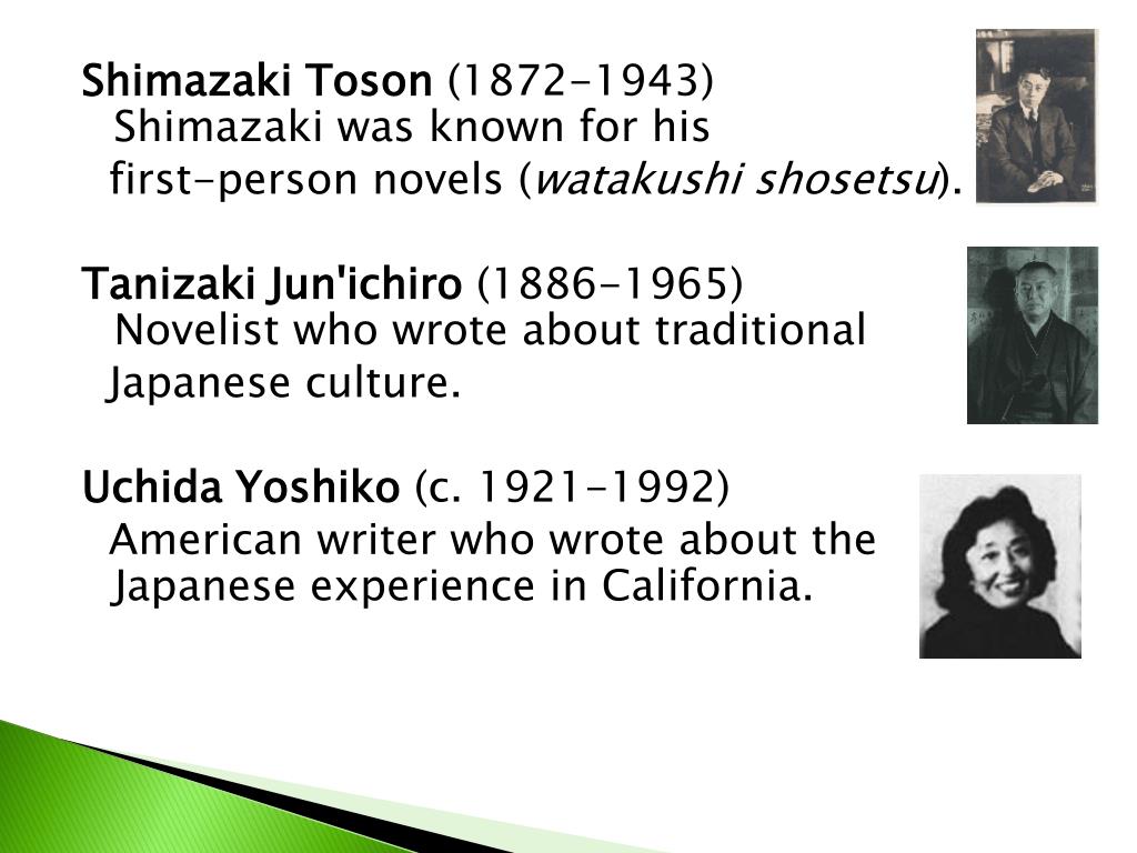 ShimazakiToson(1872-1943) Shimazaki was known for his first-person novels (watakushishosetsu). TanizakiJun'ichiro(1886-1965) Novelist who wrote about traditional Japanese culture. Uchida Yoshiko (c. 1921-1992) American writer who wrote about the Japanese experience in California.
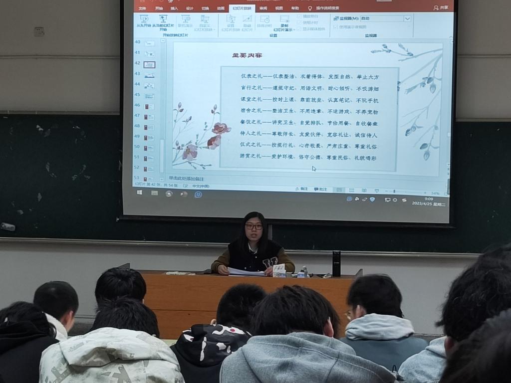 古人云:“不学礼,无以立”,文明礼仪不仅是个人素养的体现,也是个人道德和社会公德的体现,本次活动主要从立德树人根本任务角度出发,引导学生继承中华文明优秀传统文化、注重当代文明礼仪的养成创新和践行。主题班会重点开展了“仪表之礼、言谈之礼、课堂之礼、宿舍之礼、餐饮之礼、待人之礼、仪式之礼、游赏之礼”八大基本礼仪的规范养成教育,结合学生的实际情况,讲述了践行礼仪的重要性。旨在引领学生践行装扮适宜、言谈文明、遵守课堂纪律、保持宿舍安全卫生、珍惜粮食、修行教养、尊重礼俗、知礼重仪的文明行为。
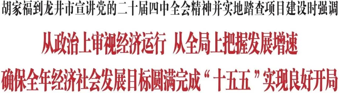 11月3日,省委常委、州委书记胡家福到龙井市宣讲党的二十届四中全会精神,并就项目建设进行实地踏查。他强调,要深入学习贯彻党的二十届四中全会精神,切实把思想和行动统一到全会精神和党中央决策部署上来,从政治上审视经济运行,从全局上把握发展增速,咬定目标、加压奋进,稳扎稳打、精准施策,确保全年经济社会发展目标圆满完成、“十五五”实现良好开局。
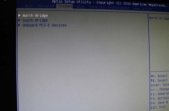1、開機的時候按DEL進入BIOS,集顯調節位置在 Chipset - North Bridge子項里面。
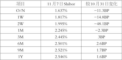 近期国内市场利率呈现近弱长强态势。截至11月7日,上海银行间同业拆放利率(Shibor)隔夜、1周期、2周期、1月期分别报收于1.637%、1.817%、1.995%、2.245%,较10月31日分别下降11.3、14.8、48.1、2.3个基点;3月期、6月期、9月期、1年期利率分别报收于2.445%、2.501%、2.521%、2.546%,较10月31日分别上升3、2.6、1.7、1.6个基点。 本周,央行累计有18980亿元逆回购到期,前两个工作日央行投放了3710亿元逆回购,周内实现净投放基本无悬念,市场流动性仍然较为充裕。本月,央行有8500亿元中期借贷便利(MLF)到期,按照近期央行的操作习惯,大概率实现超额续作。
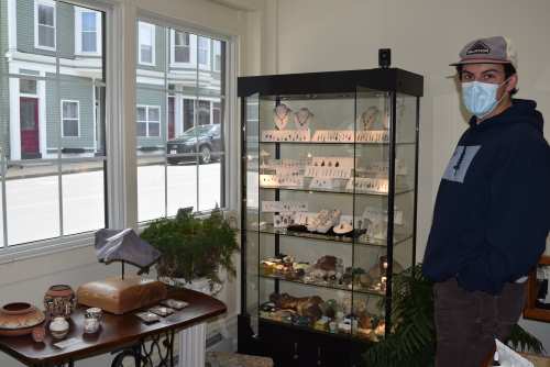with jewelry and other unique items in the store including rocks, gems, local pottery and even fossils that are millions of years old! Despite the seemingly small interior space, be prepared to spend a lot of time looking at all of the beautiful Maine-made items including the rock and gem “museum” in the back room.
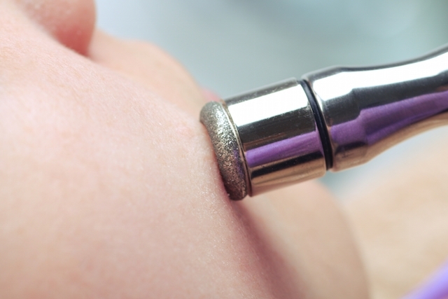A microdermoabrasão com peeling diamante consiste em uma caneta com ponteira de lixa diamantada que no centro da ponteira possui um orifício para sucção. A caneta é conectada a um aparelho de vácuo (Beauty Dermo) que puxa a pele e a comprime contra a ponteira, tornando a esfoliação ainda mais efetiva e aspirando as impurezas da pele. Promove uma remoção mecânica e controlada das camadas mais superficiais da pele, com esfoliação limitada à epiderme, podendo chegar a derme papilar. A abrasão e esfoliação são controladas e estimulam a produção de colágeno, que vem a ser a chave da elasticidade e do tônus facial. É um peeling leve, indolor, podendo ser usado para preparo da pele para peelings químicos ou utilizado isoladamente com bons resultados.
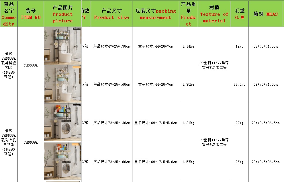 商品重量:2层马桶架1.14kg 3层马桶架1.35kg 2层洗衣机架1.31kg 3层洗衣机架1.57kg

● ● ● ●

Each entry, start to finish, goes into your copy exactly; the pictures stay out.

__Answer section__
 ShimazakiToson(1872-1943) Shimazaki was known for his first-person novels (watakushishosetsu). TanizakiJun'ichiro(1886-1965) Novelist who wrote about traditional Japanese culture. Uchida Yoshiko (c. 1921-1992) American writer who wrote about the Japanese experience in California.
 古人云:“不学礼,无以立”,文明礼仪不仅是个人素养的体现,也是个人道德和社会公德的体现,本次活动主要从立德树人根本任务角度出发,引导学生继承中华文明优秀传统文化、注重当代文明礼仪的养成创新和践行。主题班会重点开展了“仪表之礼、言谈之礼、课堂之礼、宿舍之礼、餐饮之礼、待人之礼、仪式之礼、游赏之礼”八大基本礼仪的规范养成教育,结合学生的实际情况,讲述了践行礼仪的重要性。旨在引领学生践行装扮适宜、言谈文明、遵守课堂纪律、保持宿舍安全卫生、珍惜粮食、修行教养、尊重礼俗、知礼重仪的文明行为。
 11月3日,省委常委、州委书记胡家福到龙井市宣讲党的二十届四中全会精神,并就项目建设进行实地踏查。他强调,要深入学习贯彻党的二十届四中全会精神,切实把思想和行动统一到全会精神和党中央决策部署上来,从政治上审视经济运行,从全局上把握发展增速,咬定目标、加压奋进,稳扎稳打、精准施策,确保全年经济社会发展目标圆满完成、“十五五”实现良好开局。
1、開機的時候按DEL進入BIOS,集顯調節位置在 Chipset - North Bridge子項里面。
 近期国内市场利率呈现近弱长强态势。截至11月7日,上海银行间同业拆放利率(Shibor)隔夜、1周期、2周期、1月期分别报收于1.637%、1.817%、1.995%、2.245%,较10月31日分别下降11.3、14.8、48.1、2.3个基点;3月期、6月期、9月期、1年期利率分别报收于2.445%、2.501%、2.521%、2.546%,较10月31日分别上升3、2.6、1.7、1.6个基点。 本周,央行累计有18980亿元逆回购到期,前两个工作日央行投放了3710亿元逆回购,周内实现净投放基本无悬念,市场流动性仍然较为充裕。本月,央行有8500亿元中期借贷便利(MLF)到期,按照近期央行的操作习惯,大概率实现超额续作。
with jewelry and other unique items in the store including rocks, gems, local pottery and even fossils that are millions of years old! Despite the seemingly small interior space, be prepared to spend a lot of time looking at all of the beautiful Maine-made items including the rock and gem “museum” in the back room.
A microdermoabrasão com peeling diamante consiste em uma caneta com ponteira de lixa diamantada que no centro da ponteira possui um orifício para sucção. A caneta é conectada a um aparelho de vácuo (Beauty Dermo) que puxa a pele e a comprime contra a ponteira, tornando a esfoliação ainda mais efetiva e aspirando as impurezas da pele. Promove uma remoção mecânica e controlada das camadas mais superficiais da pele, com esfoliação limitada à epiderme, podendo chegar a derme papilar. A abrasão e esfoliação são controladas e estimulam a produção de colágeno, que vem a ser a chave da elasticidade e do tônus facial. É um peeling leve, indolor, podendo ser usado para preparo da pele para peelings químicos ou utilizado isoladamente com bons resultados.
 商品重量:2层马桶架1.14kg 3层马桶架1.35kg 2层洗衣机架1.31kg 3层洗衣机架1.57kg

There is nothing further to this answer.